For those who aren’t engineering nerds, or who missed the Modern Marvels episode, the Itaipu (Guarani for singing rock) Dam is the largest hydroelectric complex in the world. Asterisk Asterisk Asterisk. The Three Gorges Dam in China, now recently operational, I’m pretty sure is new rightful holder of that title – although I think Itaipu still puts out the most kilowatts. Either way the scale of the operation is amazing. The appearance of though, doesn’t do it justice – and neither does anything short of an aerial photograph. The structure is so massive, that without any deep canyon walls, like Hoover, to contain it, it just fades into the distance – all 25,459 feet of it.
The dam sits on the Rio Parana on the border of Paraguay and Brazil. A binational organization formed by both governments operates the facility which provides 26% of the power to to Brazil and 90% of the power to Paraguay or just under a total of 30 million people – about the equivalent population of New York state.
The stats speak for themselves:
- During construction the course of the seventh biggest river in the world was shifted, as were 50 million tons of earth and rock – Enough soil excavated to line dump trucks bumper to bumper 3 times around the earth.
- 1.2 million drawing sheets were used in construction (that’s a plan set 50 stories tall!)
- 12.8 million cubic meters of concrete were poured
Some facts on this alone:
The pace of work allowed them to pour the equivalent of constructing one of Rio de Janeiro’s Maracana football stadium’s worth of concrete every 4 days
Or a 20 story building every 55 minutes.
- The amount of concrete used to build the Itaipu Power Plant would be enough to build 210 stadiums the size of the Estádio do Maracanã.
- The iron and steel used would allow for the construction of 380 Eiffel Towers.
- The volume of excavation of earth and rock in Itaipu is 8.5 times greater than that of the Channel Tunnel and the volume of concrete is 15 times greater.
- Peak construction of 30,000 workers – eating 1.4 million meals per month. 3000 kg of rice were cooked at each meal.
- The total length of the dam is 7235 m. The crest elevation is 225 m.

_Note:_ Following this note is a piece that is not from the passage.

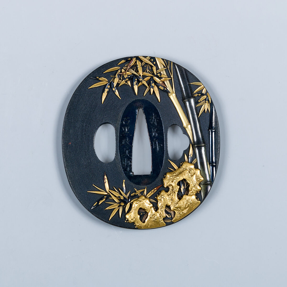 Tsuba were originally utilitarian fittings, made to protect the hand from the cuts of an opponent's sword. From the sixteenth century onward, however, more decorative tsuba became the specialty of some craftsmen. By the nineteenth century, when this tsuba was made, there were many well-defined schools and styles of tsuba making. Tsuba were interchangeable and were often made as part of sets of matching sword fittings, which could be mounted with blades of various types and dates. This tsuba features a design of bamboo amid rocks.

- The maximum flow of Itaipu’s fourteen segmented spillways is 62.2 thousand cubic metres per second, into three skislope formed canals. It is equivalent to 40 times the average flow of the nearby natural Iguaçu Falls.
- The flow of two generators (700 m3·s−1 each) is roughly equivalent to the average flow of the Iguaçu Falls (1500 m3·s−1).
- If Brazil were to use Thermal Power Generation to produce the electric power of Itaipu, 434,000 barrels (69,000 m3) of petroleum would have to be burned every day.
- The dam is 196 metres high, equivalent to a 65-story building.
- Though it is the seventh largest reservoir in size in Brazil, the Itaipu’s reservoir has the best relation between electricity production and flooded area.
- Each turbine generates around 700 MW; by comparison, all the water from the Iguaçu Falls would have the capacity to feed only two generators.
- 94.8 BILLION kWh generated in 2008
To me, building something in Paraguay would prove difficult enough. Let alone dealing with the bureaucracies of two governments (one not particularly know for it’s transparency) and a location clearly situated in the middle of nowhere. (Cuidad del Este was nothing more then a border outpost on the river before the dam came along). That in eight years something of this magnitude could be completed is incredible.
Equally incredible as the man-made marvel that straddles it, is the little heard of Rio Parana. This river, second only to the Amazon in length on the whole continent puts out so much water that it’s dammed a second time farther on downstream. By the numbers it the 4th biggest river in the world in terms of discharge, falling behind only the Amazon, Congo and Brahmaputra rivers. But since it sits where it does, this is probably the first – and barring some major catastrophe – the last, time you’ll ever hear of it from anyone other then me.